Le principal d'entre eux est Firat Sari, un médecin dont la société exploitait plusieurs unités néonatales dans des hôpitaux privés et qui est chargé de mettre en place ce système pour son propre bénéfice.

Comment ça marche, déplacer les patients des hôpitaux publics vers les hôpitaux privés ?

La Turquie offre à ses citoyens des soins de santé gratuits grâce à un système mixte public-privé.

Les hôpitaux privés traitent les patients lorsque le système public ne le peut pas, en échange d'un remboursement de leurs frais par l'État, en fonction du nombre de jours passés par le patient dans l'établissement.

Une des principales questions qui se pose est de savoir comment les hôpitaux privés cités dans l'essai ont pu louer leurs unités néonatales à une entreprise privée comme celle de Sari, alors que les hôpitaux sont censés être responsables de toutes leurs opérations.

Comment les bébés sont-ils morts ?

Ils ont été délibérément mal diagnostiqués et ensuite maltraités, selon les accusations.

Les 47 accusés, selon un acte d'accusation de 1 400 pages, ont délibérément posé de faux diagnostics pour que les nouveau-nés soient transférés dans 19 hôpitaux privés.

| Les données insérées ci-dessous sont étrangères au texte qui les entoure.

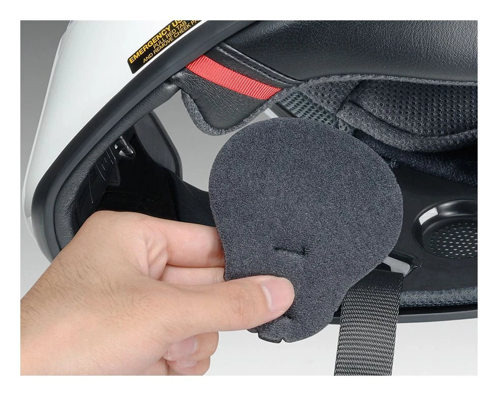 - E.Q.R.S. (Emergency Quick-Release System) allows emergency personnel to easily remove cheek pads from an injured rider’s head

Dix de ces hôpitaux privés ont été fermés à la suite du scandale.

Quelle a été la réaction ?

Colère intense.

« Les Turcs sont très attentifs à leurs enfants, ils aiment les enfants, ils les adorent », a déclaré la professeure d'anglais Svetlana Lukicheva, qui vit à Istanbul depuis 10 ans, depuis un café donnant sur la mosquée Aya Sofia.

L'accusé Ahmet Atilla Yilmaz, médecin-chef de l'hôpital privé Beylikduzu Medilife, a déclaré à la mi-novembre que le procès était tellement stigmatisé qu'il avait eu du mal à trouver un avocat pour le représenter.

À Istanbul, le procès, étendu d'une salle d'audience traditionnelle à la salle de conférence du tribunal de Bakirkoy, a fait l'objet d'un examen minutieux, documenté chaque jour dans les moindres détails médico-légaux.

À l’extérieur, les manifestants s’opposent au renforcement de la sécurité, avec des manifestations appelant à la fermeture des hôpitaux privés et à la responsabilisation des « tueurs de bébés ».

S'exprimant à la mi-novembre, le président turc Recep Tayyip Erdogan a averti que les responsables de la mort de ces enfants subiraient de graves conséquences. Il a toutefois mis en garde contre toute condamnation de l’ensemble du secteur de la santé, déclarant : « Nous ne permettrons pas que notre communauté de soins de santé soit battue à cause de quelques pommes pourries ».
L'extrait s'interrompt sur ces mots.